Puisi-Puisi Arlindo Fahik

Casey Horner on Unsplash

CINTA DAN BENCI

Aku membencimu dengan cinta patahan rusuk. Terlalu sakit untuk dikenang namun menolak untuk disembunyikan.

Aku mencintaimu dengan sajak-sajak paling miskin. Ingin berkata-kata namun lupa kalau kata-kata bukan penyair.

Sekarang benci adalah perkenalan paling biadab, ketika patahan sayap itu kau kecup penuh lirih. Aku ingin mencintaimu dengan benci setengah dandan. Dan malam seperti musik tanpa birama atau lagu tanpa notasi.

Kini cinta adalah bahasa roh untuk musim ini.

Jakarta, Maret 2021


RINDU

Mengapa bulan harus bersinar
sementara bola matamu kau kunci
dan rindu terlalu lugu untuk disingkap?

Ini bukan persoalan sepele, sayang.
Sejauh kita masih menyimpan doa-doa rindu
dan tangan doa-doa masih sebatas celengan pada kota amal,
maka kita adalah angin penuh lirih pada sudut kota yang hilang.

Ini bukan bulan, sayang.
sebab kita masih bermimpi tentang petuah
tetapi hati terlalu cemas memikirkan kata.

"Akh, kebijaksanaan!"

Aku tak ingin nyanyian air
Aku tak ingin ada api pada puisi
Aku, aku ingin hanya menulis rindu tanpa spasi dan bertele-tele.

Semenjak, itu…
yang kita butuhkan hanya pena untuk menulis lebih banyak sabda atau waktu
sebab rindu yang tulus selalu lebih nikmat daripada cinta yang manis.

Tangerang, Agustus 2021


BIARKAN IA TAMPAK

Ada kala musik lebih cerdik daripada siulan dan dedaunan tidak lagi gemerincing oleh angin.

Apabila cinta adalah kepastian maka biarkanlah ia menampakkan diri apa adanya,

tidak perlu mengajarkan membaca, berpuisi atau mengerti mengapa matahari harus bersinar di pagi hari sementara tidak sedikit orang memandang tanpa keraguan apakah sinar itu datang karena matahari atau ia bersinar karena memang ia adalah matahari?

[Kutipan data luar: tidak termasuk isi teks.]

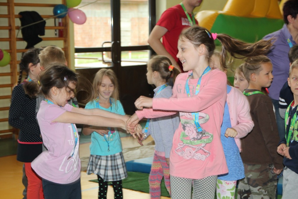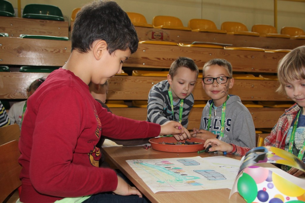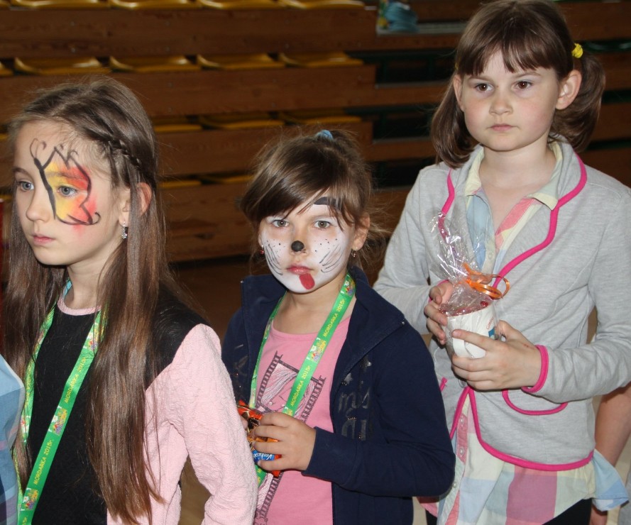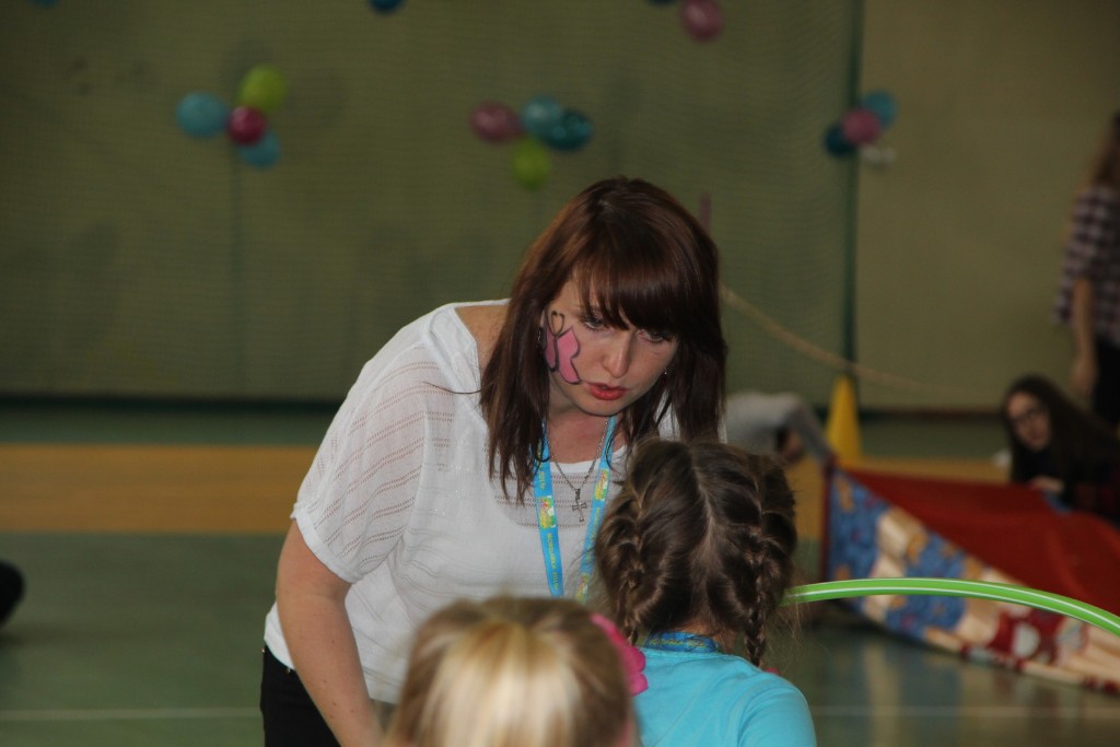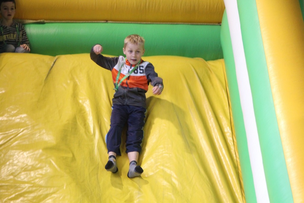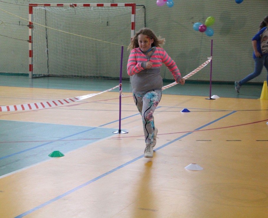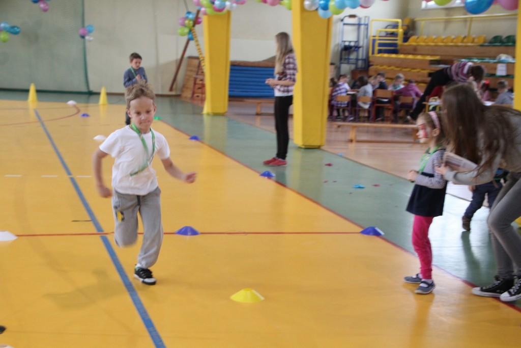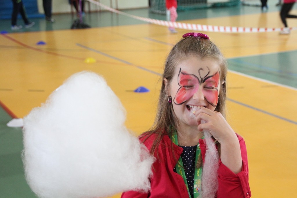 Na parkiecie hali sportowej już od godziny 9 – tej trwała odlotowa impreza prowadzona przez animatorów. Dzieci tańczyły w rytm znanych piosenek. Mogły do woli poszaleć na ogromnej, dmuchanej zjeżdżalni. Każdy mógł skorzystać z usługi: malowanie twarzy, co sprawiło, że zrobiło się nadzwyczaj kolorowo. Wspaniałą atrakcją były również baloniki, które zgodnie z życzeniem dzieci przekształcały się m.in.: w zwierzątka, rośliny – fantazji nie brakowało. Ponadto na specjalnie życzenie najmłodszych uczestników imprezy, szkolna grupa cheerleaders zaprezentowała pokaz swoich umiejętności.
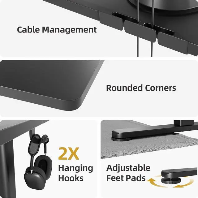 Ergonomic Working StyleThe sit stand desk is crafted from odor-free premium wood with rounded safety corners. The 48 x 24 Inches desktop provides ample room for dual monitors, printers, and office supplies. Integrated cable management includes dual wire-collection holes and 2 side-mounted hooks for headphones/bags to effectively reduce clutter. INNOVAR Height-Adjustable Desk revolutionizes workspace efficiency. Upgraded Motor As one of the most important components of the standing computer desk, we have upgraded the single motor from a brushed motor to a brushless motor. This upgrade extends the motor life to 7-10 years (60% energy-efficient compared to brushed motors) and requires no maintenance.
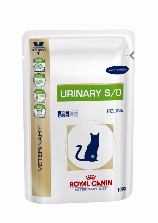 Влажная диета Urinry S/O особенно показана в случаях идиопатического цистита.Диетический корм Urinary S/O Feline, который позволяет предупреждать образование не только струвитных, но и оксалатных камней, рекомендован также при обнаружении мочевых камней неизвестной природы. Диету назначают для долгосрочного применения. Важно помнить, что необходимо постоянно использовать исключительно этот рацион, так как другой продукт может спровоцировать у кошки рецидив уролитиаза.
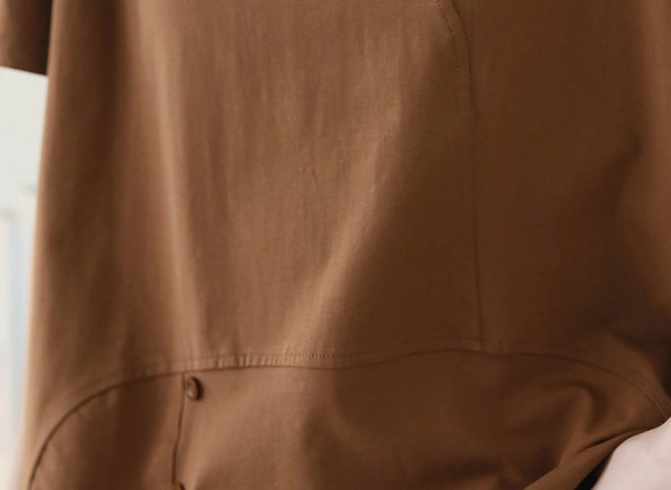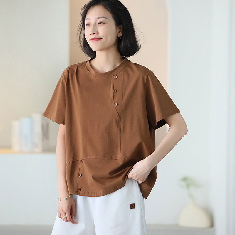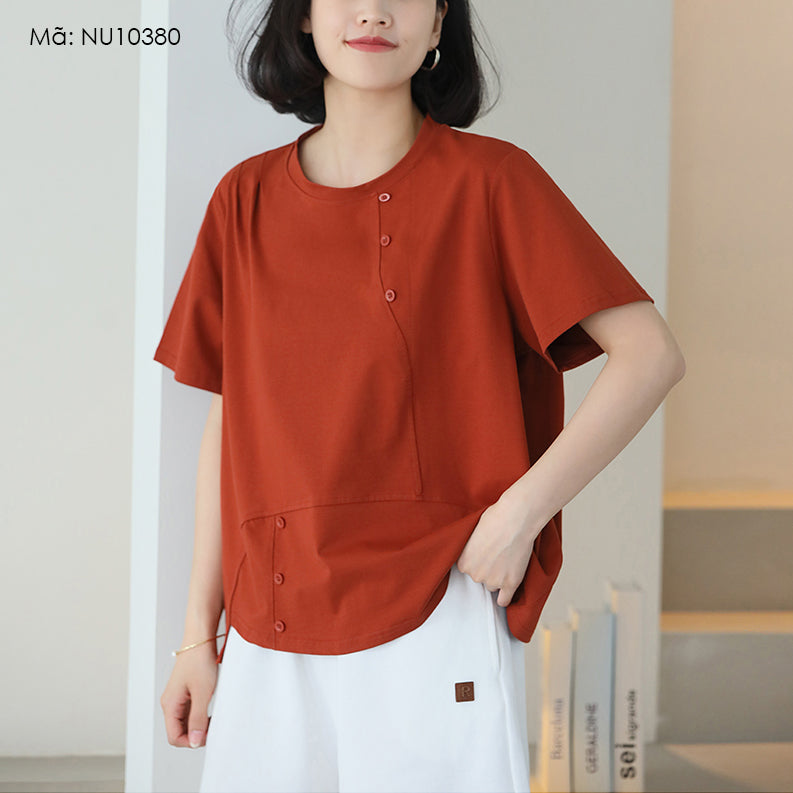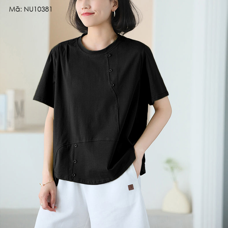 Áo T-shirt ngắn tay cổ tròn kiểu đính khuy lệch - NU10379
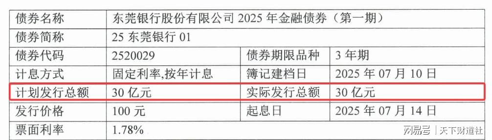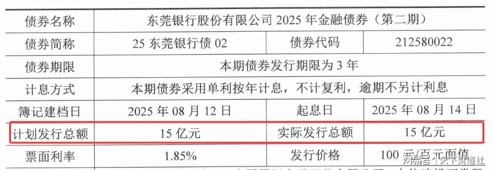 2025年7月10日、8月12日东莞银行又分别发行金融债30亿元、15亿元。

Biarkanlah ia tampak tanpa umpama-umpama atau telanjang tanpa busana-busana, karena sampai kapanpun kita tidak akan pernah mencintainya dengan paham.

Tangerang, Desember 2021

PASIR

Orang lebih mudah menulis rindu di atas pasir dan duduk pada buih-buih ombak ketika nafas dalam dadamu kau impitkan pada bibir dan dirimu seperti biduan di atas panggung. Menari tak henti, menangis tak henti, atau menulis lagu sesudah bait-bait puisi kau tuangkan begitu saja.

Entah siapa saksinya!

Setiap lorong yang kita jumpai tidak lebih dari kesaksian-kesaksian orang-orang dulu yang pada masanya menuduh ombak sebagai pemusnah rindu di atas pasir atau ramalan sakral milik orang-orang suci.

Menulis namamu tak seindah malam memeluk pagi atau matahari menghitung dahan-dahan mawar sebelum angin menghempaskan aromanya.

Sebuah kisah bermakna atau sejati, tidak cukup sehari atau sebulan atau setahun atau sebatas ujung kaki sampai ujung rambut, karena yang terhitung jumlahnya tidak menyisakan makna selain sibuk menghitung-hitung; kapan umur angin dari dulu sampai sekarang? Atau kapan ombak benci pada pasir dan air laut menolak senja yang terlalu lugu?

Kotabumi, Januari 2022

Arlindo Fahik

Lahir di Besikama, 22 Januari 1994. Pendidikan S1 diselesaikan di Sekolah Tinggi Filsafat Driyarkara, Jakarta pada tahun 2018. Selain membaca dan menulis puisi di malam hari, ia adalah penyuka kopi tanpa gula. Saat ini berdomisili di Tangerang, Kotabumi.